WHAT THE TASK REQUIRES: Without the pictures, output the lines of the material from the very first through the one that holds "Um pouco adiante".

PROVIDED MATERIAL: Begin

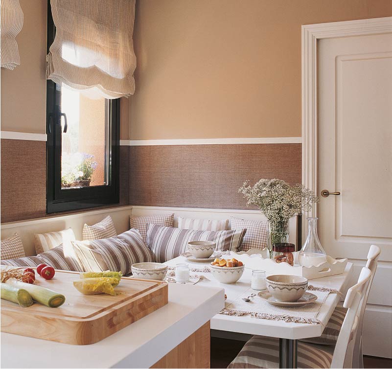 Текстиль служит и декором кухни. Цвет обивки мягкой мебели и стульев дублируют в элементах декора картинах, текстурной графики. Желательно, чтобы текстильное сопровождение было подобрано в единой гамме.
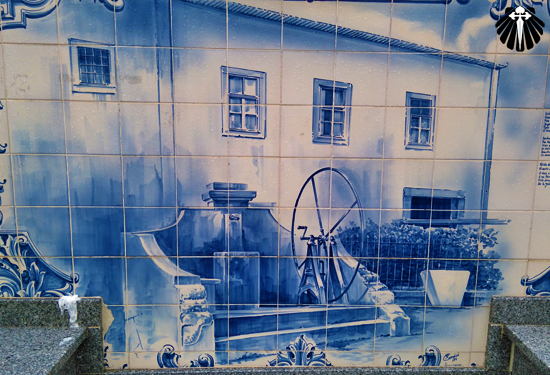 Um pouco adiante é possível ver o exemplo da arte sobre azulejos numa pequena fonte no Largo Sebastião Saraiva Lima, só não sei se a água é própria para o consumo, pois não havia nenhuma indicação e a mesma não estava funcionando. Não muito distante é possível descansar numa padaria e tomar outro pequeno-almoço ou até tomar uma bebida gelada para refrescar.
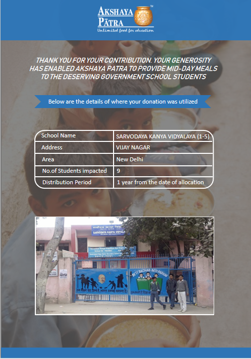 The Mid-day meal will be distributed across schools in NCR and UP. We can provide mid-day meals for more students if we raise more funds. This will help bring more smiles and cheers to students and help us achieve the Foundation’s vision that "No child in India shall be deprived of Education, because of Hunger".
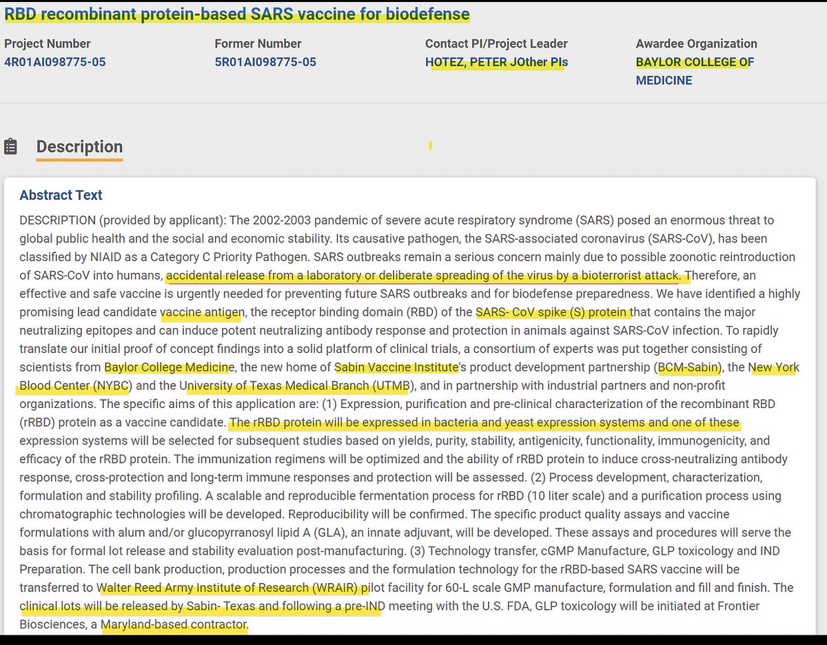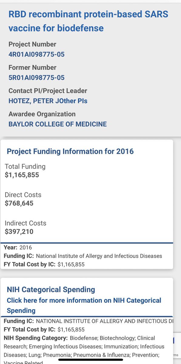 NIH Category: Biodefense research for a SARS protein based vaccine from Fauci’s NIAID, awarded to Peter Hotez at Baylor https://reporter.nih.gov/search/WNMviEkAEk-ohjdU9a9JTg/publications/project-details/9056977
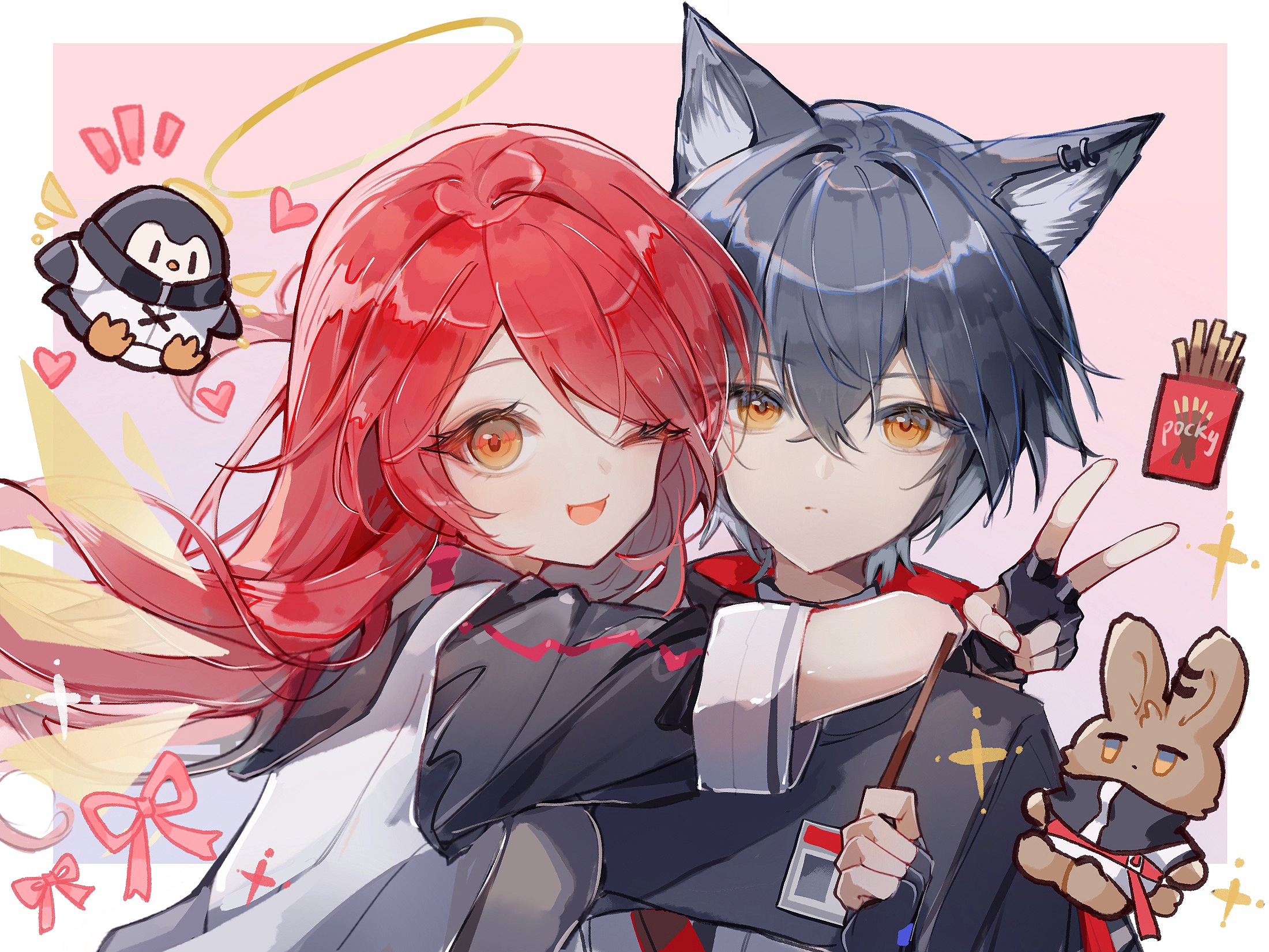 2girls ;d alternate_hair_length alternate_hairstyle animal_ears animalization arknights arms_around_neck bird black_gloves black_hair black_hoodie black_shirt breast_press closed_mouth commentary_request crossed_bangs earrings energy_wings expressionless exusiai_(arknights) fingerless_gloves food gloves hair_length_switch halo heart highres holding holding_food holding_pocky hood hood_down hoodie hug jewelry long_hair looking_at_viewer multiple_girls notice_lines one_eye_closed open_mouth orange_eyes parted_bangs penguin pink_ribbon pocky rabbit red_hair ribbon shirt short_hair short_sleeves smile tency_(1733djy) texas_(arknights) upper_body vest white_vest wolf_ears wolf_girl

PROVIDED MATERIAL: End

RESPONSE AREA:
 Текстиль служит и декором кухни. Цвет обивки мягкой мебели и стульев дублируют в элементах декора картинах, текстурной графики. Желательно, чтобы текстильное сопровождение было подобрано в единой гамме.
 Um pouco adiante é possível ver o exemplo da arte sobre azulejos numa pequena fonte no Largo Sebastião Saraiva Lima, só não sei se a água é própria para o consumo, pois não havia nenhuma indicação e a mesma não estava funcionando. Não muito distante é possível descansar numa padaria e tomar outro pequeno-almoço ou até tomar uma bebida gelada para refrescar.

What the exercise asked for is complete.